The overall risk of a fatal pulmonary embolism was well under 1% a year and lay somewhere between 0.49 events (95% CI 0.36 to 0.64) per 100 person years and 0.19 events (0.12 to 0.30) per 100 person years, depending on the certainty of the cause of death. Risks were similar for patients who had been treated for deep venous thrombosis or for pulmonary embolism. The same study found that for patients with a recurrence, the risk of dying from it was 4-9%, again depending on the certainty of the cause of death.

The 2052 participants in this cohort were from two previous studies. Most (96%) had completed three to 12 months of treatment, usually for an isolated deep vein thrombosis (1450/2052, 71%). Just under half of participants had an underlying risk factor such as lower limb trauma or recent surgery. Those with active cancer, permanent immobility, or high risk thrombophilia were excluded from both source studies.

Baclofen helps people with alcoholic liver disease stop drinking

Baclofen could be a much needed new treatment for people with alcoholic liver disease.
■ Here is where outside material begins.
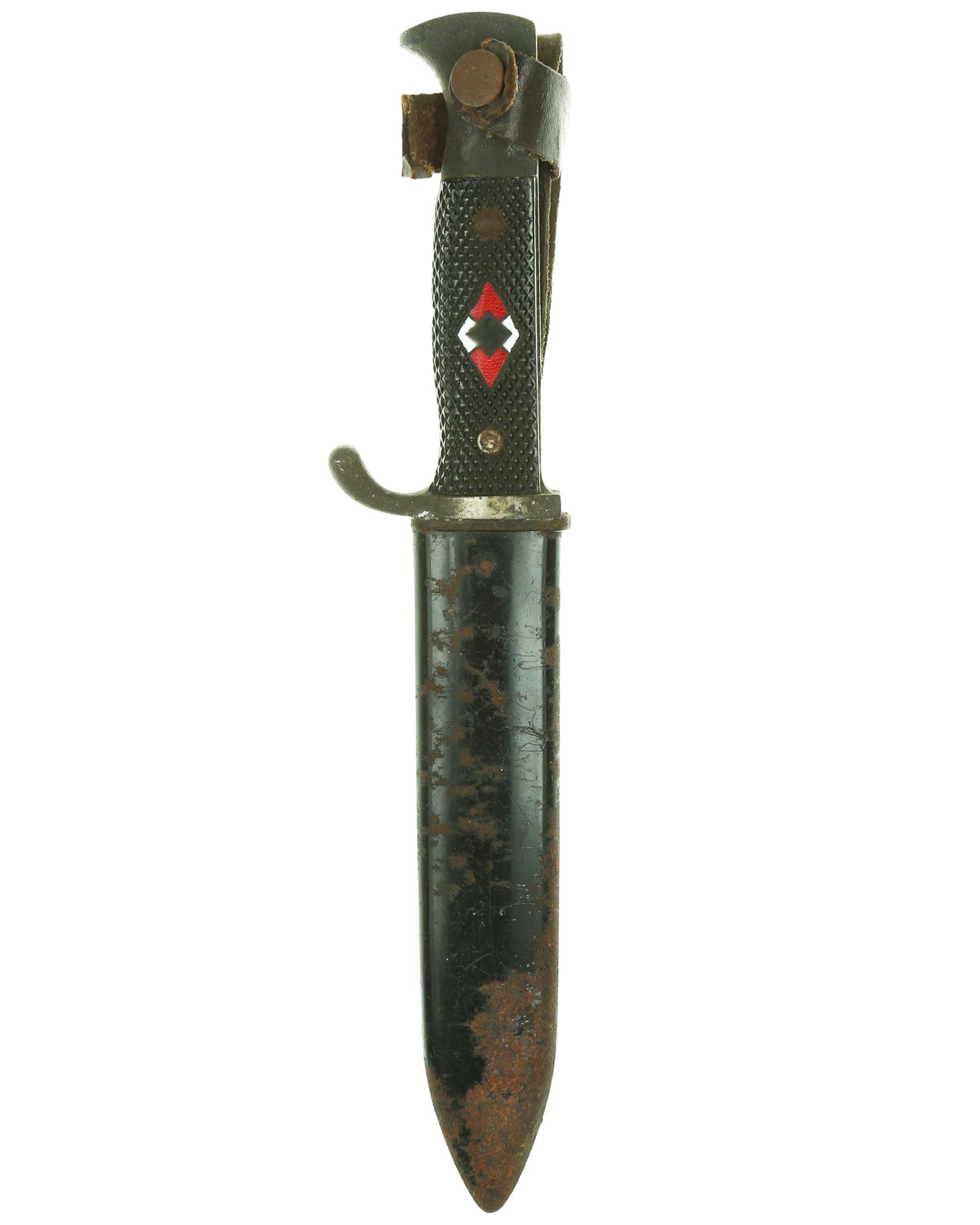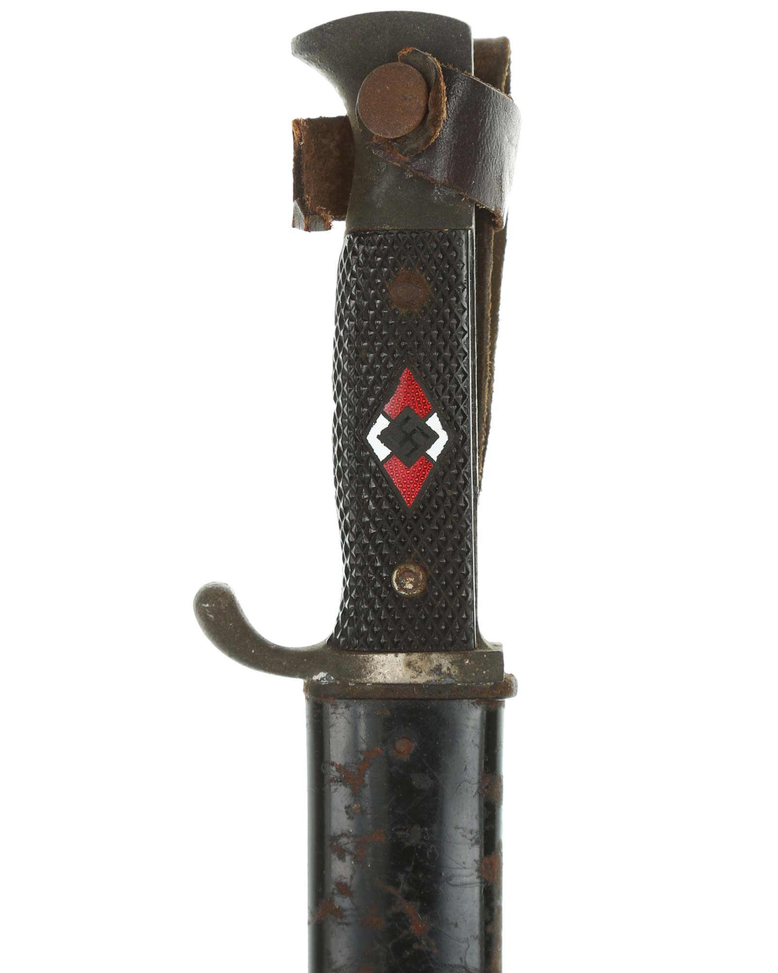 Рукоять: Рукоять ножа с черными пластиковыми щечками и эмалевой эмблемой "Гитлер Югенд". С обеих сторон бакелитовые накладки интенсивно чёрного цвета с рифленым рисунком. На лицевой стороне в центре эмблема организации «Гитлерюгенд» (также HJ-ромб). Крестовина литая непористая, отлита вместе с деталями рукояти из никелированного железа (магнитная).

A small placebo controlled trial suggests it can reduce alcohol cravings and help people stop drinking without doing any further damage to the liver. Over 70% of the 42 Italian adults who took baclofen for 12 weeks managed to stop drinking completely, compared with only 29% of the 42 who took placebo (odds ratio 6.3, 95% CI 2.4 to 16.1). The baclofen group had significantly more drink free days (63 v 31, P=0.001), significantly lower scores on a validated measure of alcohol craving, and significantly fewer relapses. Their liver function tests improved during the study. Baclofen is excreted by the kidneys, unlike other drug treatments for alcohol dependence such as naltrexone, say the authors. So it should be safer for people with advanced liver disease. All the participants in this trial had cirrhosis and were still drinking when recruited from a single Italian clinic. They all had counselling in addition to their allocated treatment.
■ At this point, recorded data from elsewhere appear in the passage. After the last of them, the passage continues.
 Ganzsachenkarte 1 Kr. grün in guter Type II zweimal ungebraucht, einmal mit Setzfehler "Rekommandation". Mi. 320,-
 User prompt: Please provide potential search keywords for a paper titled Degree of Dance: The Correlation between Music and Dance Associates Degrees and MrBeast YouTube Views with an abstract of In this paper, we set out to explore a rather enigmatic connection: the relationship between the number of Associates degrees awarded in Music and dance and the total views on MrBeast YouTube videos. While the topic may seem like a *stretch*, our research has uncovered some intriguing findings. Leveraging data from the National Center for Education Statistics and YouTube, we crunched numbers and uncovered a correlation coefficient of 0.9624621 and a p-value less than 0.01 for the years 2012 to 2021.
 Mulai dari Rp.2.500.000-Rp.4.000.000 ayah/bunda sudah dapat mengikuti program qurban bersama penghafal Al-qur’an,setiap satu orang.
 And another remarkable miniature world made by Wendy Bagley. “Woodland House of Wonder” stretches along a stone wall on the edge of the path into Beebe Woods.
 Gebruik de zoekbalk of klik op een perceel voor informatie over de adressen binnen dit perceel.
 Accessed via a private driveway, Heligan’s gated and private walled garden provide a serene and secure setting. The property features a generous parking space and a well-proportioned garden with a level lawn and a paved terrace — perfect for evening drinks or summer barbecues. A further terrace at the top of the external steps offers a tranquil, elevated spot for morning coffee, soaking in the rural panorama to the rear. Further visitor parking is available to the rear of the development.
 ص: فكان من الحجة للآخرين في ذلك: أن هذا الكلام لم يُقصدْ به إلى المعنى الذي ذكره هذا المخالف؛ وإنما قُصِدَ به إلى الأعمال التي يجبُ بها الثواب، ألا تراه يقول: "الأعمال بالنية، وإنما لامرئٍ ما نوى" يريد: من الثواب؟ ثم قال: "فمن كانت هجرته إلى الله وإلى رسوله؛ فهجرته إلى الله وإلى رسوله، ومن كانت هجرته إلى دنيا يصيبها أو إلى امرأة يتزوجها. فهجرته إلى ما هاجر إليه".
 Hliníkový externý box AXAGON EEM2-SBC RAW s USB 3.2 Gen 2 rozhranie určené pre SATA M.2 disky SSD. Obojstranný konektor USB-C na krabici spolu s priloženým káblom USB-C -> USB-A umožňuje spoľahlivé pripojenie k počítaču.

An accompanying comment welcomes the results, which are promising enough to justify bigger, longer, and more diverse trials of baclofen (p 1884). It is particularly important to find out whether baclofen might work for the many people with alcoholic liver disease who have mental illness and who misuse other drugs, says the author.

Treatment failure develops slowly in UK adults with HIV

Adults in the UK who start treatment for HIV with at least three antiretroviral drugs have a low risk of extensive treatment failure, say researchers from London. They recently estimated that the three main classes of drug will continue to work for at least 10 years in more than 90% of patients. Their cohort study of nearly 8000 adults found that the cumulative risk of all three drug classes failing was only 9.2% (95% CI 5.0% to 13.4%) 10 years after the start of treatment.

The researchers defined failure as a viral load of more than 400 copies/ml despite more than four months of treatment. By extensive failure they meant that all three subclasses of nucleoside reverse transcriptase inhibitor, at least one non-nucleoside reverse transcriptase inhibitor, and a ritanovir boosted protease inhibitor all failed.

While these results are good news for adults in the UK and other developed countries, they are unlikely to translate well to poorer countries where most people with HIV live, says a linked comment (p 1885). For example, in Africa people have more advanced disease before they start treatment and drug choices are limited. When first line treatments fail fewer options are left. Research on treatment failure in these settings is badly needed. So is more equitable access to the alternatives enjoyed by the wealthy few.